On Friday, the state’s top court granted this petition in a 2-page order that notes the court was requested by “both parties” to preserve “the status quo” until a later hearing.

As FISM previously reported, Idaho’s bill is modeled on the Texas law that allows private citizens to enforce the law by suing abortion providers who perform the procedure inside state lines. This effectively creates a cash bounty. In Idaho, only family members of the aborted child can initiate the lawsuit, which narrows the potential litigants from Texas’s original design.

Successful lawsuits can net plaintiffs, at minimum, a $20,000 judgment plus legal fees. SB 1309 also allows for lawsuits to begin up to four years after the illegal abortion date. Rapists would be prohibited from suing.

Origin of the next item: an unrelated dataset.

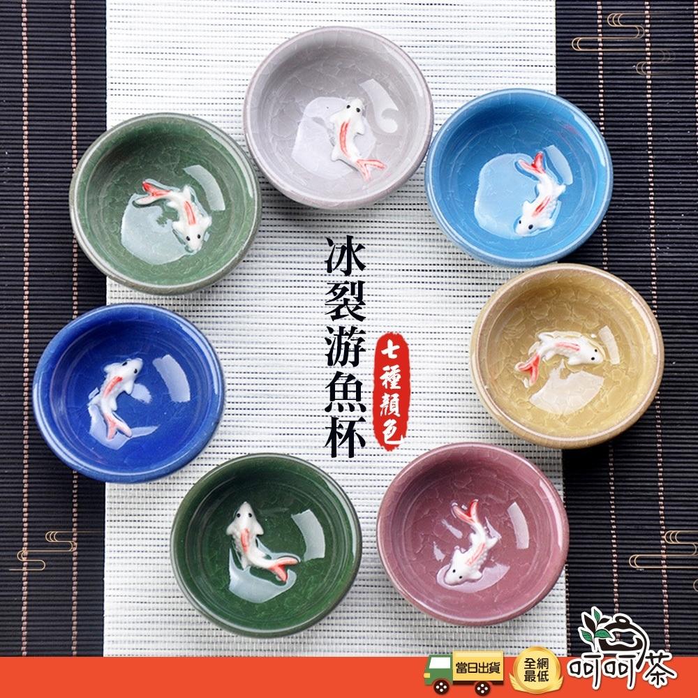 【呵呵茶】台灣現貨 茶具 茶杯 冰裂游魚杯 魚中杯 冰裂游魚杯 陶瓷 鯉魚茶杯 泡茶賞魚 茶具 冰裂杯 鯉魚杯 泡茶杯

SB 1309 passed through the State Senate in early March. It then passed the House of Representatives with a 51-to-14 vote on March 14. 

“We are thrilled that abortion will remain accessible in the state for now,” Rebecca Gibron, interim CEO of Planned Parenthood Great Northwest told NBC News. “But our fight to ensure that Idahoans can fully access their constitutionally protected rights is far from over.”

The state’s Supreme Court ordered both Planned Parenthood Great Northwest and the state to file further briefs so they could make a further determination.

Planned Parenthood remains adamant that Idaho’s heartbeat bill is unconstitutional as a violation of Roe v. Wade. However, the Federal Supreme Court is set to review that former court decision in an upcoming hearing on Mississippi’s 15-week abortion ban. The 6-3 conservative majority may potentially limit or completely overturn current national laws in favor of pro-life legislation.

As of this writing, the Idaho Attorney General’s office, which is representing the state in the court process, had not issued a comment on the freeze.